I'm wondering if you can talk a bit about the ways that you handle large or complex queries or large,

responses from those queries?

And generally push computation down to the data warehouse themselves.

And so on 1 hand, we're fairly size agnostic. And so if you're running a petabyte scale, you know, BigQuery data set, so long as the result sizes aren't too huge, we generally hand that gracefully. I think for situations

where the result set is very large,

there's just a

function limit to how much we get stuff in memory on the app server.

And so

I'd say, overall, we've we view most queries as being something that is

a distillation of data, and so

we haven't done a lot of work around streaming around, you know, 1, 000, 000, 000 row result sets.

We actually tend to cap things at 2, 000, 000 rows,

for anything that gets returned,

by an API call. And while we are thinking about ways of relax that for the most part, we intend for the application to be used,

in a kind of interactive clearing mode as opposed

to running really big jobs and downloading the results.

And so for things like, you know, things where you're generating a 100, terabyte results set up a petabyte, you should probably do that in a schedule query in some other tool or just crawl on that. Did I ask your question, or is that?

Yeah. No. That's definitely,

very reasonable approach to that problem because as you said, once you get past the 200, 000, 000 rows that you're trying to return at that that point, you're just abusing the tool because it happens to be there, and you should probably move to some sort of ETL tool or just a Chrome job that dumps to another

delivery because I've dealt with that situation a few times, and I'm actually handling it recently. So

it's a it's a very familiar problem.

Can I think of something else

that that brought to mind? Okay. It hopefully come back to me, but we'll see.

And when you're working on adding support for a new data source,

what does that workflow look like? And is that something that is done fairly commonly by the community? Or is it largely driven by

the by Metabase, the company?

Yeah. So what what goes into supporting a new data source is

writing that,

mapping from our query language

to whatever needs to execute against that database.
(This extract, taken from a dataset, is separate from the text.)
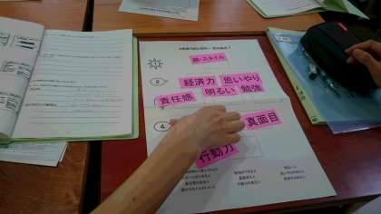 「付き合うならどんな人?」というテーマで、交際について班で話し合って考えています。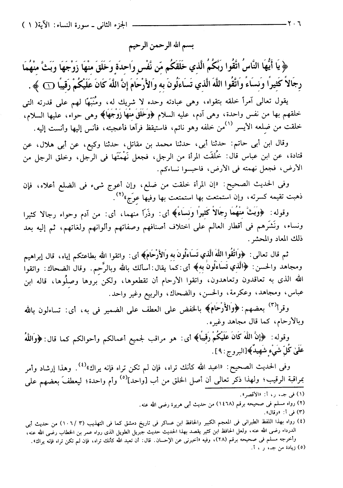 {يَا أَيُّهَا النَّاسُ اتَّقُوا رَبَّكُمُ الَّذِي خَلَقَكُمْ مِنْ نَفْسٍ وَاحِدَةٍ وَخَلَقَ مِنْهَا زَوْجَهَا وَبَثَّ مِنْهُمَا رِجَالا كَثِيرًا وَنِسَاءً وَاتَّقُوا اللَّهَ الَّذِي تَسَاءَلُونَ بِهِ وَالأرْحَامَ إِنَّ اللَّهَ كَانَ عَلَيْكُمْ رَقِيبًا (1) }

So for SQL, it's fairly straightforward, and there is a generic SQL driver that you would subclass

and essentially just fill in the missing pieces.
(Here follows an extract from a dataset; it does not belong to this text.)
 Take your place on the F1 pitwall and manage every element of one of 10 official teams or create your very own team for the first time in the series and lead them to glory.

And for the most part, you know, our query language is fairly straightforward,

and it is,

you know, about 3 to 5 days of work for someone to support a new data warehouse or database.
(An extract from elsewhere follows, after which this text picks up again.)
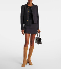 The Saint Honore boots from Aquazzura are an essential for every well-curated wardrobe. Crafted from supple suede, this style boasts rounded toes, 50mm block heels, concealed elastic sides, and a back zip closure. Product Details - Upper: leather (suede) - Lining: leather - Sole: leather insole and sole - Toe shape: round toe - Made in Italy - Includes: dust bag, shoe box - Designer color name: Camel - Item color: brown - Item number: P01077866 Size & Fit - True to size - European sizes - 5cm-2" heel (size EU 38) - 33cm-13" shaft width (size EU 38) - shaft width measured on largest part of boot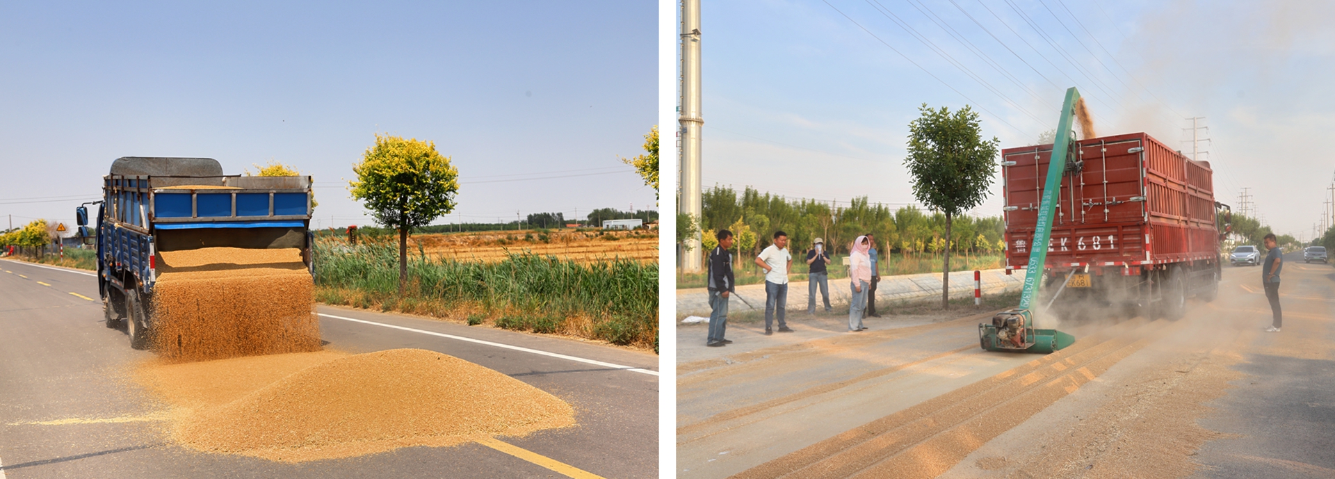 田間(jiān),收割機(jī)高(gāo)效作(zuò)業(yè),将麥穗切割、脫粒、清選後,麥粒通(tōng)過卸糧筒裝入運糧車(chē)。收割、轉運、晾曬、質檢、入​倉各環節緊密銜接,高(gāo)效有(yǒu)序。

Where it gets a little tricky is that jumping from that to a production

hardened

database connector that that that actually can be used, you know, for prime time generally takes somewhere between a 1000 and 10000 hours of production query load. And so we're really good at QA testing database, like JDBC drivers, because we generate all kinds of crazy, SQL under the hood. And so between the various nested queries, between the various date, time things we do, and just, you know, our time zone handling, we tend to look in all the various

dark corners

of a JDBC driver, and so there is a fair amount of work

in finding all those little gotchas.

So things around type systems, things around how things are cast, it list explicitly,

indexing strategies and such. We tend there tends to be a fair amount of really boring, gritty work on the tail end of things. I think for the most part, the team has written

majority of our drivers. We've had a couple,

you know, stellar commits from, community.

I think, in general,

we wanna encourage folks to write drivers rather than wait for us to write themselves. Partially, it's just because we're fairly bandwidth constrained, but also because we're not really experts in,

a lot of these other databases. And so we run a few databases internally. We've had

production experience over the years,

you know, working with Postgres, MySQL, BigQuery, Redshift,

and to some degree,

I think what else has been, like, Mongo. But, you know, for example, we have a d there's a d b 2 connector. There's, a vertex connector. I think someone's working on a Teradata connector. And I'd freely say that no 1 on the team has used any of those in anger. And so there's a limited ability for us to actually understand the nuances

of each of those SQL dialects and actually create a production grade driver there.

And

as you

mentioned when you first started working out on this project, you were at expa and you were building it because of the need for multiple different startups who,

required access to their data.

And you've since built a company around it, so I don't know if you can talk a bit about your reasoning for

building that company and the way that you support yourself in the project going forward and make it sustainable.

Yeah. I think, the decision to,

release the code into the open and then try to essentially make it self sustaining and,

more than just an external project was driven

by the fact just by the sense that we had something interesting.

I think there was

a lot of examples of other companies having written something similar.

So,

HighPallet, Facebook was an early ins inspiration, Avocado Yammer.

You know, there's, like, EasyData and a bunch of other things out of LinkedIn,

and I've lost track of all the others. But,

until recently, no 1 had really open sourced a compelling version of this. And so for us, the, you know, the first decision was we wanted to release it in the open. And second decision was we wanted to essentially make it self sustaining and have it be a long term going concern that wasn't just,

at the mercy of a larger company or fund.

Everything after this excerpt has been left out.